This journey began when I read Outnumbered: Exploring the Algorithms That Control Our Lives by David Sumpter, Professor of Applied Mathematics at the University of Uppsala, Sweden. It tells about the effects of technology and the Internet on our lives. “Using the data they are constantly collecting about where we travel, where we shop, what we buy, and what interests us, they can begin to predict our daily habits, and increasingly we are relinquishing our decision-making to algorithms.”
That seems scary, but one reassuring, and somewhat surprising, observation was that commercial and political discussions and arguments on social media and even those by professional persuaders like politicians and advertisers don’t do much to move us off our established positions. You’ll struggle to move someone from one side to the other no matter how good your data; a more likely reaction will be increased resistance (Democrat/Republican, Coke/Pepsi).
Next stop, The New York Review of Books. Here I found a review of The Undoing Project by Michael Lewis, author of Money Ball and other best sellers. In it he “recounts the complex friendship and remarkable intellectual partnership of Daniel Kahneman and Amos Tversky, the psychologists whose work has provided the foundation for the new behavioral science.” Their work is summarized in Thinking, Fast and Slow (2011) that gives numerous examples of how intuition, fast thinking, frequently leads us in the wrong direction. (I referred to this idea last Monday.)
Later in the article the reviewer begins to elaborate: “Lewis does not discuss the ways in which the same behavioral science can be used quite deliberately for the purposes of deception and manipulation, though this has been one of its most important applications.” But wait a minute! That idea would contradict the point mentioned above.
To support a premise that “Lewis does not discuss,” the reviewer spends several paragraphs worrying that Trump’s 2016 victory moved this new understanding of behavioral science from “making the world a better place” to “a darker story in the public mind…. News outlets have claimed that although Obama’s and Clinton’s teams both used social media, data analytics, and finely grained targeting to promote their message, Trump’s team, according to Forbes, ‘delved into message tailoring, sentiment manipulation and machine learning.’… If this sinister level of manipulation seems far-fetched, it nevertheless reflects the boasts of Cambridge Analytica, the company they employed to do this for them.”
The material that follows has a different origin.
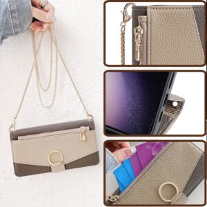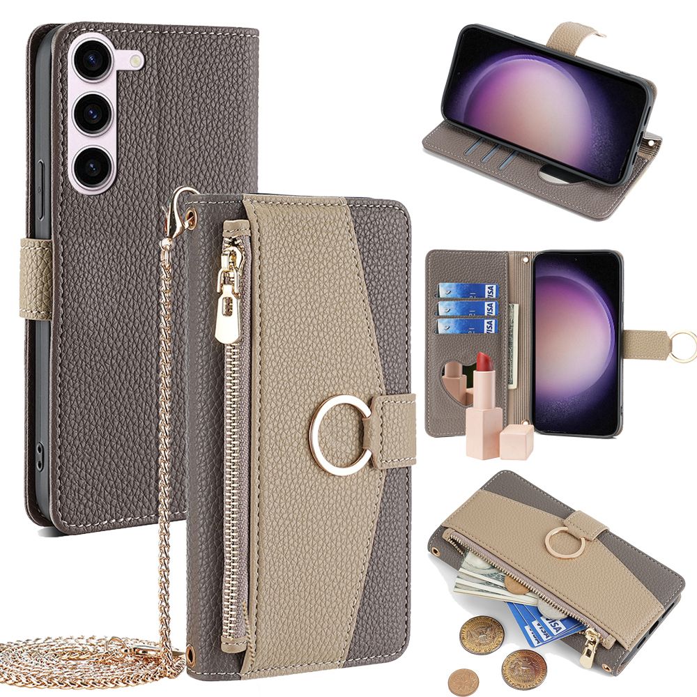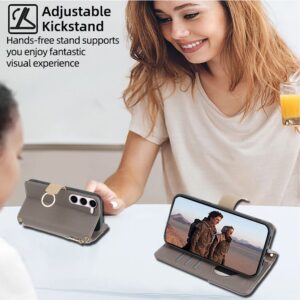 Wallet Case for Samsung Galaxy A55 A54 A35 A25 A15 A05 5G/4G, Xcover7 5G with Card Slots and Cash Slot Flip Folio Zipper Wallet Removable Shoulder Strap with Makeup Mirror

The implication is that this must be take very seriously, but four paragraphs later the reviewer concedes that whether Cambridge Analytica did or even could do what they claimed consists primarily of a sales pitch.
Finally, I turned to Not Born Yesterday: The Science of Who We Trust and What We Believe by Hugo Mercier, a cognitive scientist at the Jean Nicod Institute in Paris. He believes that people are less gullible than we tend to think. We often hear stories of obvious scams involving Nigerian princes and prepaid debit cards, but, like plane crashes, these stories make the news because they are rare and shocking, not because they are common. Again, people tend to resist rather than blindly accept new ideas.
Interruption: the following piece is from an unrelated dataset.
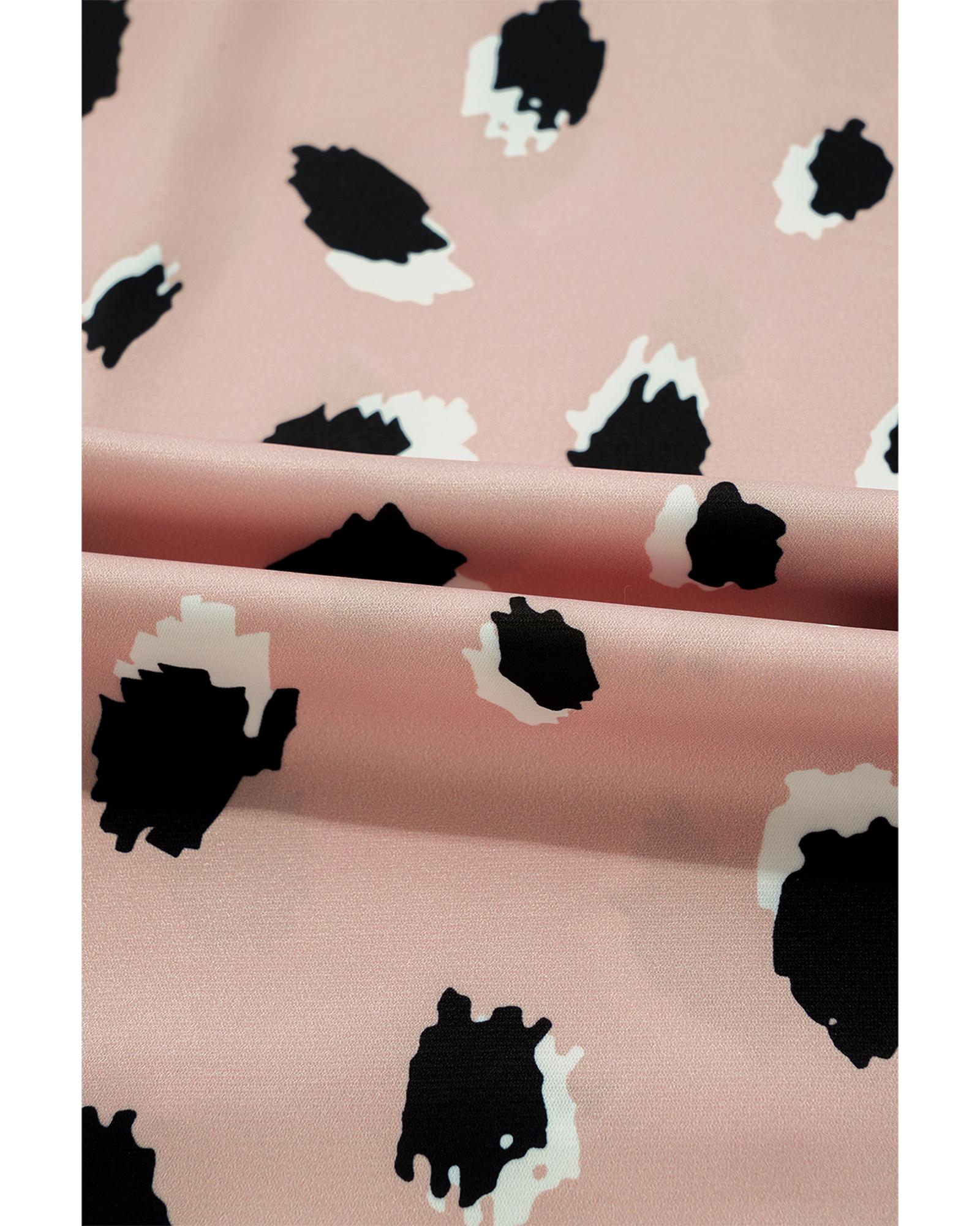 Khaki Classic Leopard V Neck Bracelet Sleeve Blouse – M

Mercier also uses Cambridge Analytica, which according to the Guardian newspaper “allowed democracy [to be] highjacked,” as an example. On page 139 he writes, “In fact it was a scam.” He goes on to say, “In reality, its influence was nil” and that the political analysts “never saw ‘any evidence that it worked’” feeling it was based on “pop psychology BS.”
Who do I trust about the power of persuasion generally or Cambridge Analytica’s (and Russian bots') past or future influence on US elections? I trust Sumpter and Mercier, not a NYBooks reviewer speculating on something the author didn’t discuss in the book, then hedging about how true it is. Experience and these authors teach me that swaying people through psychological manipulation is highly unlikely.